- TASK STATEMENT
Transcribe only the lines of the listing below from the one holding "Oh, no, the" through the one holding "Entstanden sind die", inclusive, without any change.

- STORED DATA

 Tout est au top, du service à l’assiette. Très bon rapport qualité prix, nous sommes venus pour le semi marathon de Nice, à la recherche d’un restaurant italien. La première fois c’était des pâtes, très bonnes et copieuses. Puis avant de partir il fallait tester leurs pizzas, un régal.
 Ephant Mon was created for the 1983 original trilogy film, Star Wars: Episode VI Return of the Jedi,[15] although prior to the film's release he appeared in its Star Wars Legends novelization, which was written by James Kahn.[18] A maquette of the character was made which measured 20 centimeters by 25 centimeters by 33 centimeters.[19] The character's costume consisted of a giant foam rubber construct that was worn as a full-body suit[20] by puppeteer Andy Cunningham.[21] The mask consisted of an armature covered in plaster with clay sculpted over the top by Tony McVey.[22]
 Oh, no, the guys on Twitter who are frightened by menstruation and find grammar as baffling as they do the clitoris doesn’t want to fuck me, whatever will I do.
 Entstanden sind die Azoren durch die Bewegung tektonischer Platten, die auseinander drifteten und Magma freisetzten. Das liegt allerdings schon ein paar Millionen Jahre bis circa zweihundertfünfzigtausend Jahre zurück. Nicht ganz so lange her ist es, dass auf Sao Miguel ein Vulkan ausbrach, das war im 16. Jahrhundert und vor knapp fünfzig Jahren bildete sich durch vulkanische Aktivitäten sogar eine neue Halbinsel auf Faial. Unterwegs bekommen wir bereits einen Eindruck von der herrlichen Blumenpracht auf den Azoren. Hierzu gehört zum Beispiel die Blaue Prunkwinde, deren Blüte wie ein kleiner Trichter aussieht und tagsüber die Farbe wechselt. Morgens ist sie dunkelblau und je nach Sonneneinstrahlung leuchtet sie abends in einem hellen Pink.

==

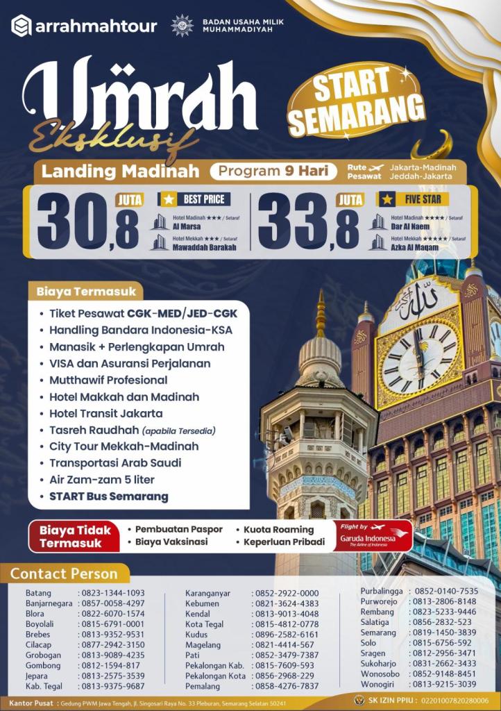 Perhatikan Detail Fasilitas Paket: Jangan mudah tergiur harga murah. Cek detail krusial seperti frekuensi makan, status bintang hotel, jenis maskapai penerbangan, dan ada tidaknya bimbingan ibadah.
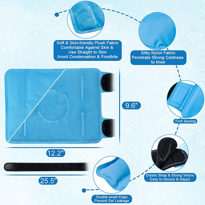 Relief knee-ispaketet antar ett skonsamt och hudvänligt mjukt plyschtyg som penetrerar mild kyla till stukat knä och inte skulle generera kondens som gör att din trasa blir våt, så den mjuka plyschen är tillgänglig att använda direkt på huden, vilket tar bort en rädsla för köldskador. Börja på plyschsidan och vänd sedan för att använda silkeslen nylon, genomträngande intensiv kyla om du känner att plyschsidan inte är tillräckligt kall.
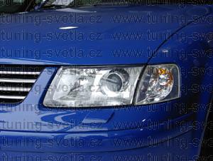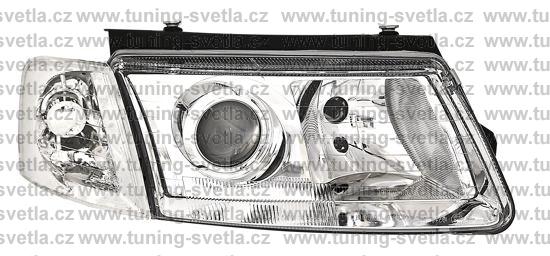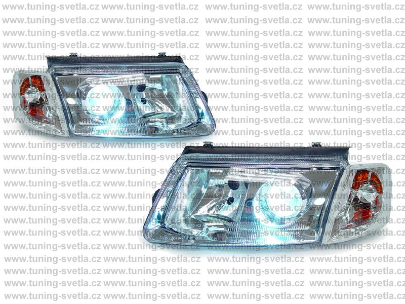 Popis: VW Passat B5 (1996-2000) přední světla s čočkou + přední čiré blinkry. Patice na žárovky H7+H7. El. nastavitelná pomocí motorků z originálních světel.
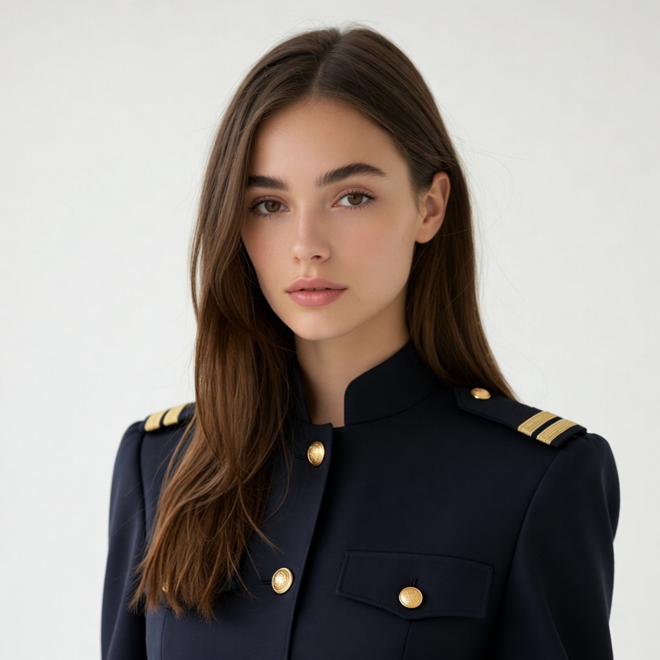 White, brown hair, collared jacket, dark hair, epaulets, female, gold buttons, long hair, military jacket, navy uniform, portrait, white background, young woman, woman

- COMPLETED TASK
 Oh, no, the guys on Twitter who are frightened by menstruation and find grammar as baffling as they do the clitoris doesn’t want to fuck me, whatever will I do.
 Entstanden sind die Azoren durch die Bewegung tektonischer Platten, die auseinander drifteten und Magma freisetzten. Das liegt allerdings schon ein paar Millionen Jahre bis circa zweihundertfünfzigtausend Jahre zurück. Nicht ganz so lange her ist es, dass auf Sao Miguel ein Vulkan ausbrach, das war im 16. Jahrhundert und vor knapp fünfzig Jahren bildete sich durch vulkanische Aktivitäten sogar eine neue Halbinsel auf Faial. Unterwegs bekommen wir bereits einen Eindruck von der herrlichen Blumenpracht auf den Azoren. Hierzu gehört zum Beispiel die Blaue Prunkwinde, deren Blüte wie ein kleiner Trichter aussieht und tagsüber die Farbe wechselt. Morgens ist sie dunkelblau und je nach Sonneneinstrahlung leuchtet sie abends in einem hellen Pink.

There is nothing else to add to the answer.